Оборона 9-й парашютной дивизии, занимавшей позиции на центральном участке фронта, была полностью уничтожена. Командующим этим соединением являлся генерал Бруно Бройер, который в 1941 году руководил десантом в районе Ираклиона на острове Крит. Позднее этот элегантный офицер стал командующим критским гарнизоном. Несмотря на все заявления Геринга о сверхчеловеческих способностях личного состава парашютных частей, под началом Бройера находились всего-навсего обычные механики и обслуживающий персонал люфтваффе. Большинство из них никогда и не прыгали с парашютом. После начала артподготовки офицеры были уже не в состоянии поддерживать контроль над подчиненными. Когда же огонь по немецким позициям открыли советские "катюши", среди "парашютистов" возникла уже полнейшая паника.
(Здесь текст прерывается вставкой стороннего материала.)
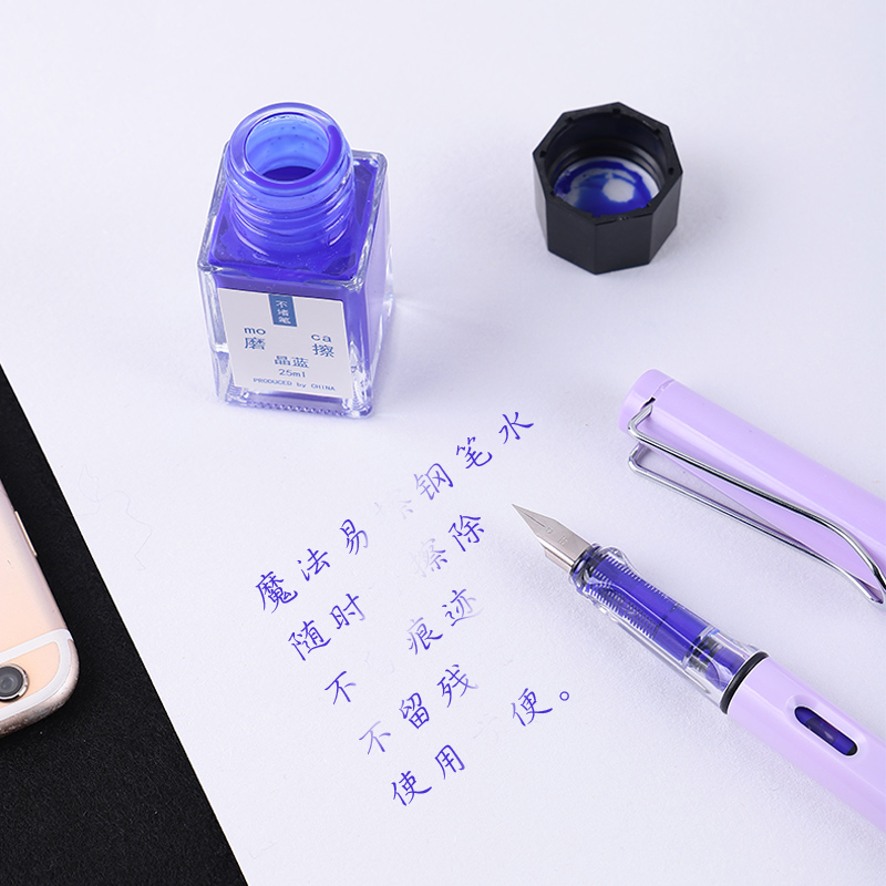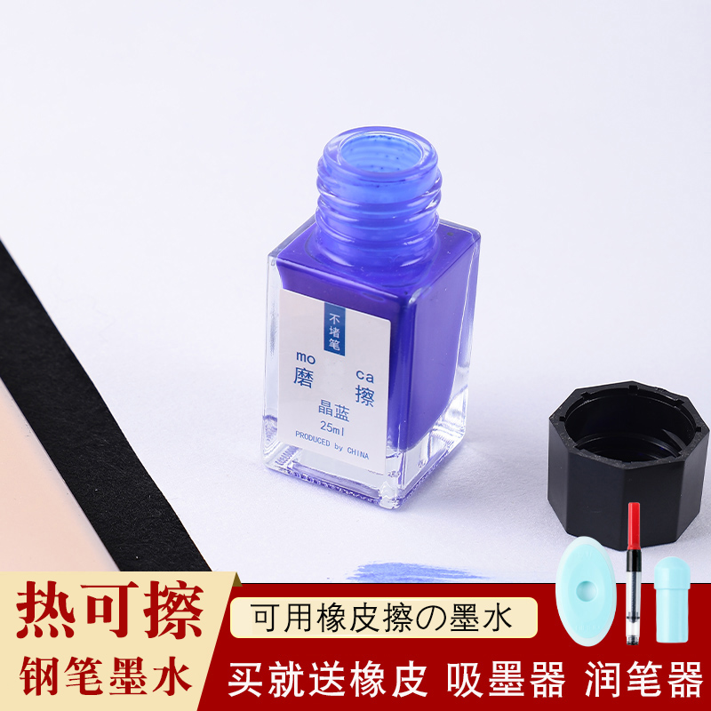 2 bottles-Thermal erasable pen ink 25ml Non-blocking pen ink Magic rub erasable easy magic erasable ink capsule Crystal blue blue Black ink Blue erasable ink for students

Командир 27-го парашютного полка полковник Менке был убит сразу же после того, как первый советский танк прорвался к его командному пункту. Лишь к концу дня 17 апреля 9-я парашютная дивизия смогла немного прийти в себя благодаря огневой поддержке танков "пантера" и T-IV. Однако вскоре хаос на ее позициях разразился с новой силой. Вёлерман, командир артиллерии 56-го корпуса, прибыв на командный пункт Бройера, застал последнего в полнейшем упадке духа. Тот был шокирован массовым бегством своих солдат с оборонительных позиций[592]
. Стало ясно, что продолжать командование дивизией Бройер уже не в состоянии. Его освободили от занимаемого поста. Но на этом несчастья этого военачальника не закончились. Вскоре после войны он был передан греческим властям и приговорен в 1947 году к смертной казни за преступления, совершенные совсем другим генералом во время немецкой оккупации Крита.В половине седьмого вечера 17 апреля в штаб генерала Вейдлинга неожиданно прибыл министр иностранных дел Германии Риббентроп. Он потребовал краткого доклада о сложившейся ситуации. Случайно в тот же момент в помещении появился и Вёлерман. "Это мой командир артиллерии, который только что прибыл с фронта"[593]
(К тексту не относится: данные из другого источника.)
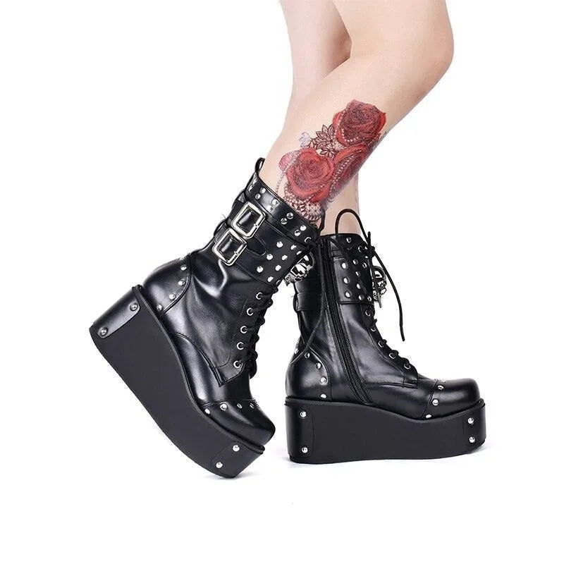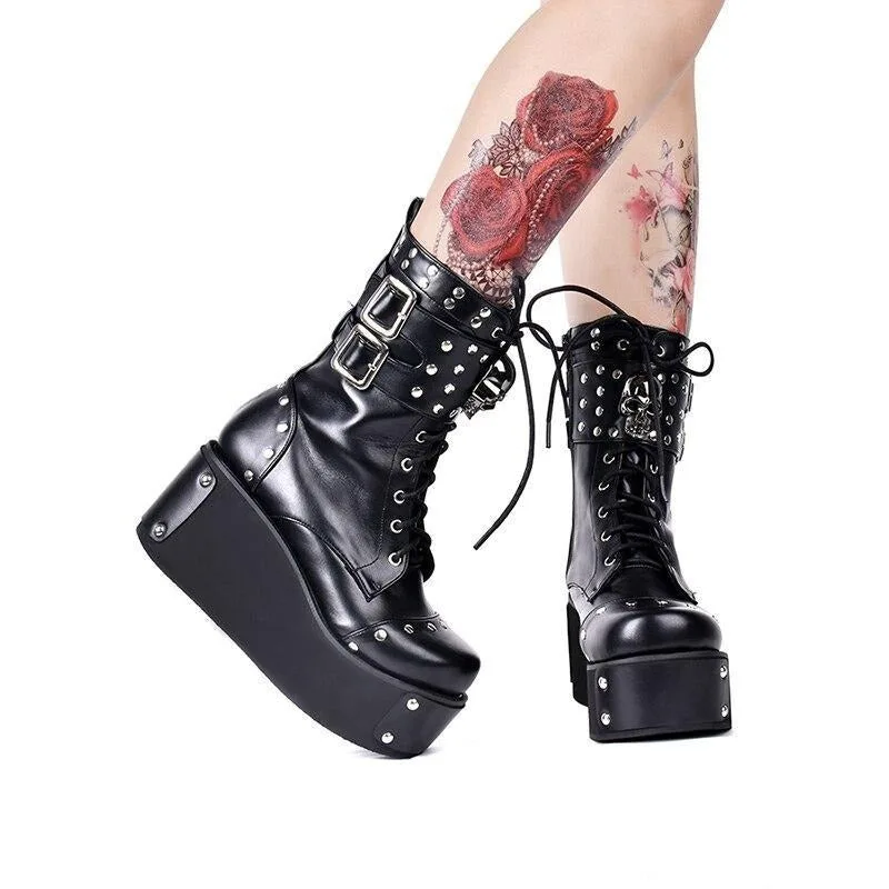 - Rebellisches Design: Die Totenkopf-Dekoration und die hohen Plateausohlen machen diese Stiefel zu einem echten Hingucker.

, - произнес Вейдлинг. Вёлерману ничего не оставалось, как пожать вялую руку Риббентропа. "Он может доложить вам о ситуации, — добавил Вейдлинг". После этого генерал сел рядом с министром и приготовился слушать. Доклад Вёлермана "потряс Риббентропа". Он задал лишь один или два вопроса хриплым и едва слышным голосом. Затем министр сказал что-то невнятное по поводу возможного изменения обстановки в течение ближайших двенадцати часов и намекнул о ведущихся сейчас переговорах с американскими и британскими представителями. Возможно, что именно этот намек побудил генерала Буссе послать в войска сигнал следующего содержания: "Продержитесь еще пару дней, и все наладится". Между тем слова нацистского руководства о том, что с западными союзниками возможна какая-то договоренность, являлись абсолютной ложью.Немецкие подразделения, которые были вынуждены отходить с оборонительных позиций у Одера в лесные массивы на Зееловских высотах, часто попадали в новую ловушку. Передовые советские части находились уже за их спиной. Нервы солдат были напряжены до предела. Нередко они открывали огонь по своим же товарищам. Советская артиллерия и авиация продолжала наносить удары как по вражеским, так и по своим частям. Командование люфтваффе задействовало в этот день максимально возможное число самолетов и попыталось, в частности, уничтожить понтонную переправу через Одер[594]
. Но эта затея провалилась. Согласно утверждению одного источника (точное имя которого до сих пор не установлено), "немецкие летчики нередко шли на таран советского бомбардировщика, в результате чего обе машины, объятые пламенем, падали на землю"[595]. Если это свидетельство является правдой, то следует констатировать, что с начала войны роли пилотов противоборствующих сторон существенным образом поменялись. Теперь, в 1945 году, офицеры люфтваффе решались на то, на что в 1941 году шли отчаянно смелые соколы советских Военно-Воздушных Сил.Еще более поразительным являются данные о появлении в немецкой авиации эскадрильи камикадзе, которую предстояло использовать против советских переправ на Одере. В люфтваффе появился новый термин "миссия самопожертвования". Местом базирования этой специальной эскадрильи, получившей название "Леонидас"[596]
, был выбран аэродром в Ютербоге. Ею командовал подполковник Хайнер Ланге. Все летчики, вступавшие в состав эскадрильи, должны были подписать документ, заканчивавшийся словами: "Я отдаю себе полный отчет в том, что операция, в которой мне предстоит участвовать, должна закончиться моей смертью". Вечером 16 апреля для пилотов эскадрильи были устроены танцы, на них пригласили женский обслуживающий персонал аэродрома и связисток. В конце мероприятия прозвучала прощальная песня. Генерал-майор Фукс, осуществлявший общее руководство операцией, едва мог сдерживать слезы.